This blog is part of a new regular series on Carry On Blogging. I'm going to attempt to blog about each of Joan Sims' wonderful roles in the Carry On films. Joan was the most prolific of all the actresses involved in the series, clocking up 24 films. Indeed, only Kenneth Williams made more Carry Ons.
Today I am going to look back at Joan's third Carry On role, as the formidable, ambitious WPC Gloria Passworthy in Carry On Constable. Released in 1960, this film saw the gang in full swing as the idea of an original team started to take shape. Joining Joan were regular co-stars Kenneths Williams and Connor, Charles Hawtrey, Leslie Phillips and Hattie Jacques. Eric Barker and Shirley Eaton returned for more fun while the film also saw the arrival of one Mr Sidney James as Sergeant Frank Wilkins.
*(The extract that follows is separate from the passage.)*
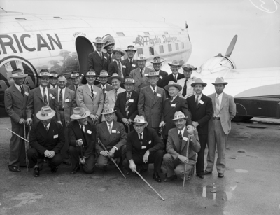 Image shows twenty-six members of the North Side Kiwanis Club, of Fort Worth, Texas, flew to Abilene, Texas, for a luncheon meeting to discuss the "good neighbor," policy. The members are shown standing in front of an American Airlines airplane. They are, left to right, (front row) Jack Edwards, William Fuller, J. A. Lovell, Bradley Burks and Warren Smeby; (center row) T. Grover Swift, Thomas Magoffin, Melvin Miller, Green Trimble, W. L. Pier, Doctor J. H. Thomas, E. F. Crites, W. A. Jordan, A. T. Ward, Jess Prewett, Houston Hutchens, Charles A. Stewart and George Halsell; (back row) J. O. Webster, O. R. Northrip, L. T. Paschall, R. H. Sandsberry, Judge Dave Miller, J. Everett Cline, Reverend James N. Morgan and Police Lieutenant C. T. Stamp. All the members are wearing suits. Published in the Fort Worth Star-Telegram morning edition September 25, 1941.
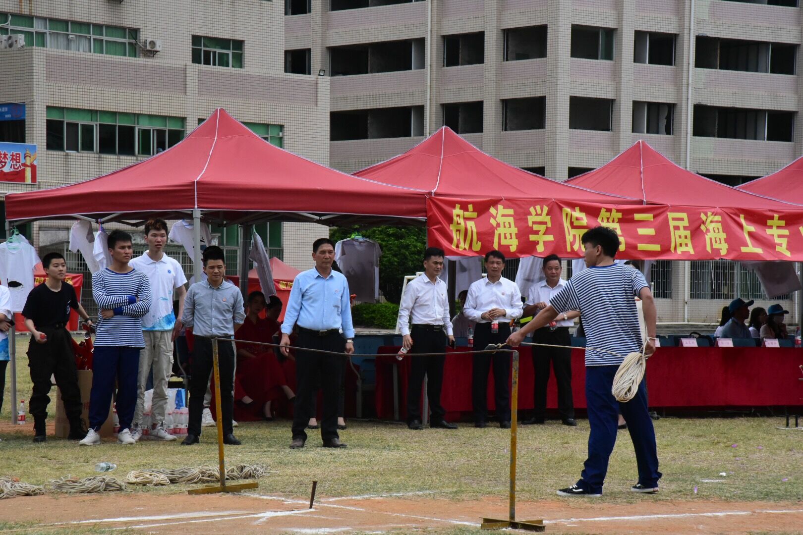 据悉,本次海洋文化节中设置了航海绳结、撇缆、团队消防、个人消防、金工工艺、港口集装箱运营知识、国际货物通关、企业沙盘模拟经营等专业技能竞赛,竞赛现场精彩纷呈。与此同时,航海学院开放了大型船舶操纵体验区、轮机模拟器参观区、诚毅船模参观区等项目,布置了海丝结文创品展区、海洋文化衫展区,吸引校友、老师、同学们参观体验。

Gloria Passworthy arrives as a replacement due to a recent flu epidemic, joining fellow new recruits Connor, Williams, Hawtrey and Phillips. While the men are an absolute shower (literally!), bumbling around and causing chaos, Joan's WPC Passworthy is on the ball, on the beat and aiming high. We first meet the character when she arrives having arrested Joan Hickson's Mrs May for being drunk and disorderly. The scenes with the two Joans and Hattie Jacques are superb.
Despite Shirley Eaton's cameo in Constable, Sims is still the female romantic lead in this film following her glorious turn as Miss Allock in the previous film Carry On Teacher. Although she is much more regimented and serious in the film, she is still the love interest, attracting the attentions of the bumbling Constable Constable, played with comic panache by the wonderful Kenneth Connor. Constable is highly superstitious and forever putting his foot in it and the two seem destined to remain apart however once Hattie's Laura Moon steps in for a bit of light meddling, Constable sees the light and goes for it!
Connor and Sims work extoremely well together and would become regular colleagues over the next two decades. Although Sims' role in Constable is not as large as her previous characters, she certainly makes the most of her part. Frustratingly she isn't involved in the main action; that falls to the four male leads. Still, it's refreshing for a film of that time and indeed for a Carry On to show that the women are more than capable of beating the men at their own game. Showing a highly competent female police officer taking on the men was admirable and probably something much for of the Hudis era than anything that followed.
I think Carry On Constable probably cemented Joan's role as a pivotal member of the Carry On Team. She yet again proved her worth as a sublime comedy character actress and would soon become the immediate, natural choice for Rogers and Thomas, not just in the Carry Ons but also in many other films they made together.
At around the time of Constable, Joan would also appear in several other films from the same stable, including Please Turn Over, Watch Your Stern and Twice Round The Daffodils. She became the female answer to Kenneth Williams and both would enjoy a twenty year association with the Carry Ons.